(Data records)
————————

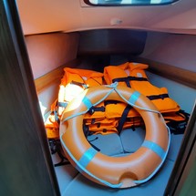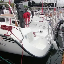 Boat equipment features classical mainsail. It also boasts a heating, an audio system and inside speakers. The fully-equipped galley includes a cooker, sink and kitchen utensils.
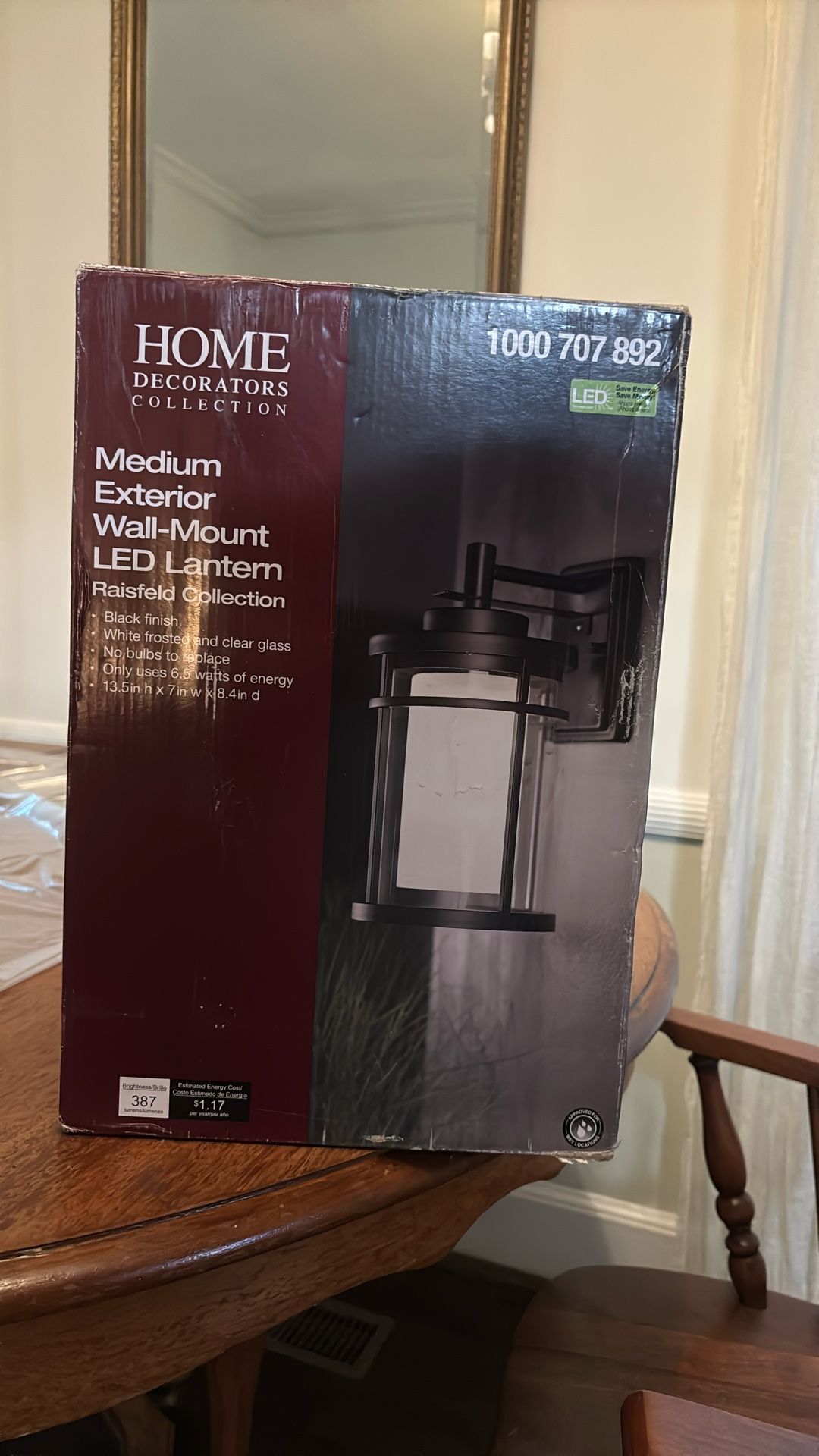 Medium exterior wall mount LED lantern from home decorators collection parentheses Home Depot. This is $125 on https://offerup.com/redirect/?o=aG9tZWRlcG90LmNvbQ==. This is new in the box.
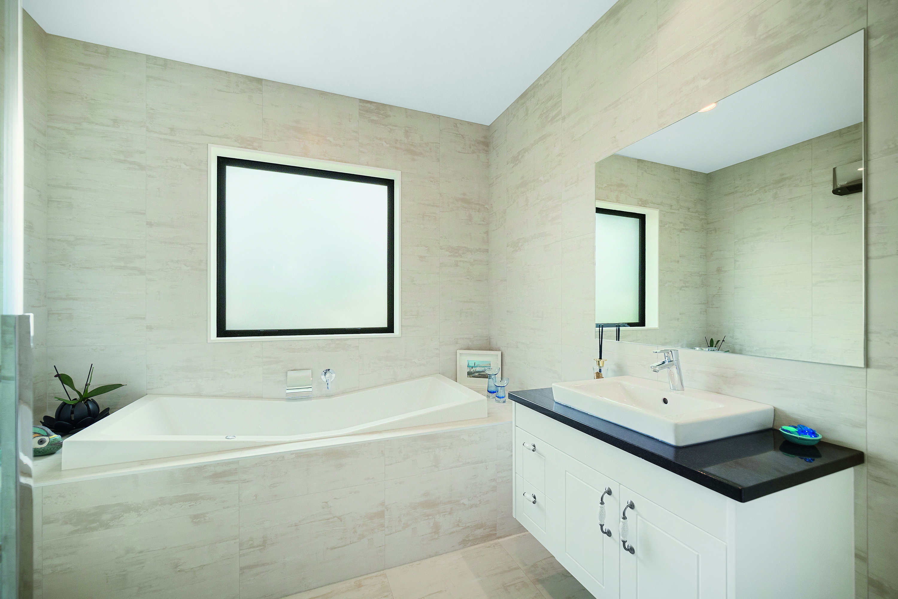 Of the five bedrooms, two open to the outdoors and have the added luxury of tiled ensuites. The main bathroom features a luxurious box-tiled spa bath for leisurely soaking.
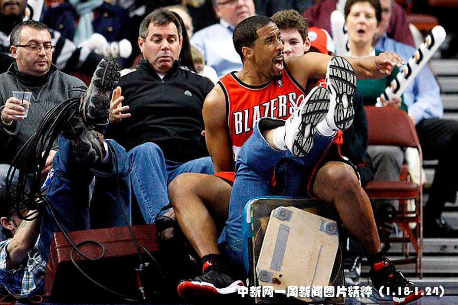 1月20日,波特蘭開(kāi)創(chuàng)者隊(duì)后衛(wèi)米勒在客場(chǎng)對(duì)陣費(fèi)城76人隊(duì)的比賽中搶球撞上場(chǎng)邊的電視臺(tái)工作人員。波特蘭開(kāi)創(chuàng)者最終以98比90擊敗費(fèi)城76人隊(duì)。圖片來(lái)源:中國(guó)新聞網(wǎng)
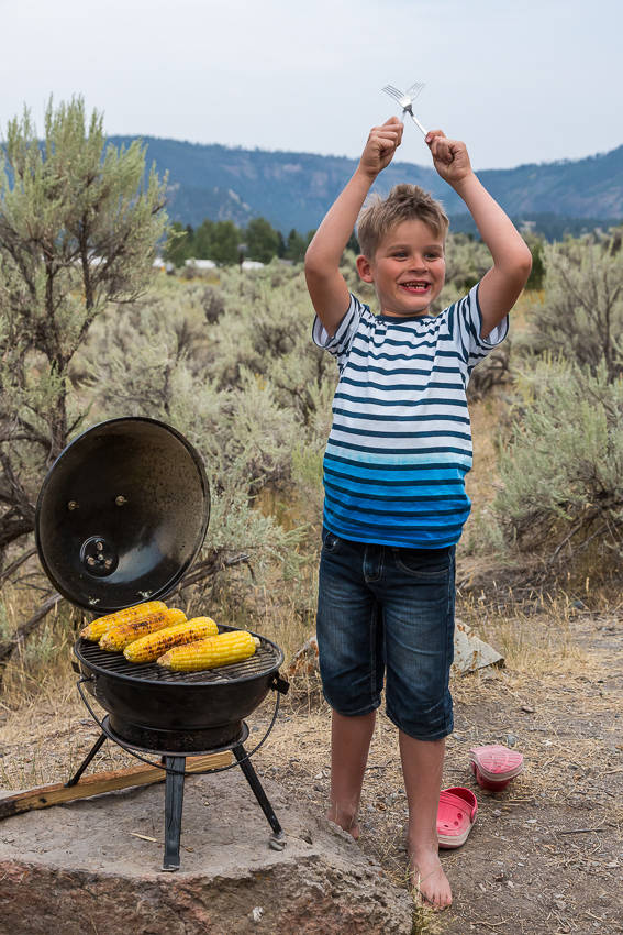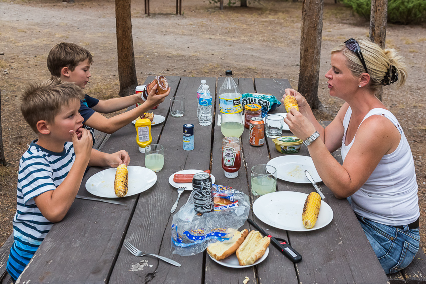 Langsam wurde es warm und wir fuhren weiter Richtung Cody. Dort angekommen fragte Birgit im Visitor Center nach dem nächsten Post Office - das war aber recht umständlich zu finden und für größere Wohnmobile schwer zugänglich. Der Weg führte uns kurz vor Ortsausgang in den nächsten Walmart. Dort machten wir erst mal unplanmäßig Mittag bei Subway, bevor wir noch einmal 8 Maiskolben und das leckere "Fun Pops" Wassereis kauften. Wir tankten unser Wohnmobil zum zweiten Mal am heutigen Tag auf, dann brachten wir endlich die letzten Kilometer bis zu unserem heutigen Campground hinter uns - dem "Fishing Bridge" am Osteingang des Nationalparks.
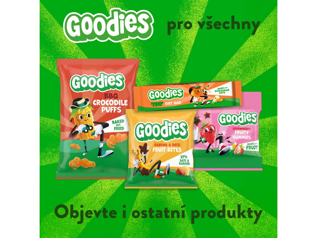 Značka Goodies vyrábí dětské křupky, tyčinky a ovocné plátky.
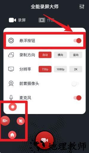 3、打开悬浮按钮开关后,屏幕左侧会出现快捷按钮,方便快速开始、暂停或结束录制。
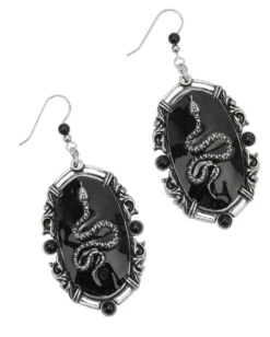 Die KILLSTAR Kissing Eve Ohrringe sind hochwertig verarbeitete Ohrringe für Kostüme und Alltag. Sie bestehen aus Kunstharz und Metall, was sie besonders langlebig macht. Die ca. 5 x 3 cm großen Ohrringe haben eine ovale Form und sind in einen filigranen Metallrahmen eingelassen. Dieser ist mit kleinen Schmucksteinen verziert. In der Mitte des Gothic-Ohrschmucks ist eine silberne Schlange erkennbar. Trage zu diesem Kostümschmuck ein dunkles Make-up und das edle Gothic Halsband mit Perlen und Stein
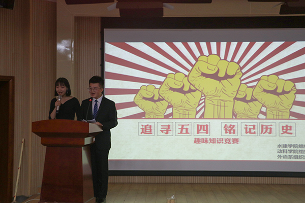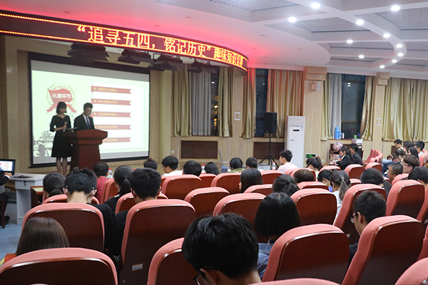 为了让同学们牢记历史,深刻体会到五四运动的精神内核,值此五四运动99周年之际,百家乐策略 联合水建学院、外语系于5月4日晚在外语楼二楼报告厅举办了“追寻五四运动,奏响青春乐章”的历史知识趣味竞赛活动。水建学院学生会主席李培铨、外语系学生会主席屠菡琳和百家乐策略 团工委副书记龙靖出席了本次竞赛活动。

————————

> _What needs to be done_
Starting at the line that contains "Značka Goodies vyrábí", retype each line through the end of the data exactly, and leave out every picture.

> _Solved exercise_
 Značka Goodies vyrábí dětské křupky, tyčinky a ovocné plátky.
 3、打开悬浮按钮开关后,屏幕左侧会出现快捷按钮,方便快速开始、暂停或结束录制。
 Die KILLSTAR Kissing Eve Ohrringe sind hochwertig verarbeitete Ohrringe für Kostüme und Alltag. Sie bestehen aus Kunstharz und Metall, was sie besonders langlebig macht. Die ca. 5 x 3 cm großen Ohrringe haben eine ovale Form und sind in einen filigranen Metallrahmen eingelassen. Dieser ist mit kleinen Schmucksteinen verziert. In der Mitte des Gothic-Ohrschmucks ist eine silberne Schlange erkennbar. Trage zu diesem Kostümschmuck ein dunkles Make-up und das edle Gothic Halsband mit Perlen und Stein
 为了让同学们牢记历史,深刻体会到五四运动的精神内核,值此五四运动99周年之际,百家乐策略 联合水建学院、外语系于5月4日晚在外语楼二楼报告厅举办了“追寻五四运动,奏响青春乐章”的历史知识趣味竞赛活动。水建学院学生会主席李培铨、外语系学生会主席屠菡琳和百家乐策略 团工委副书记龙靖出席了本次竞赛活动。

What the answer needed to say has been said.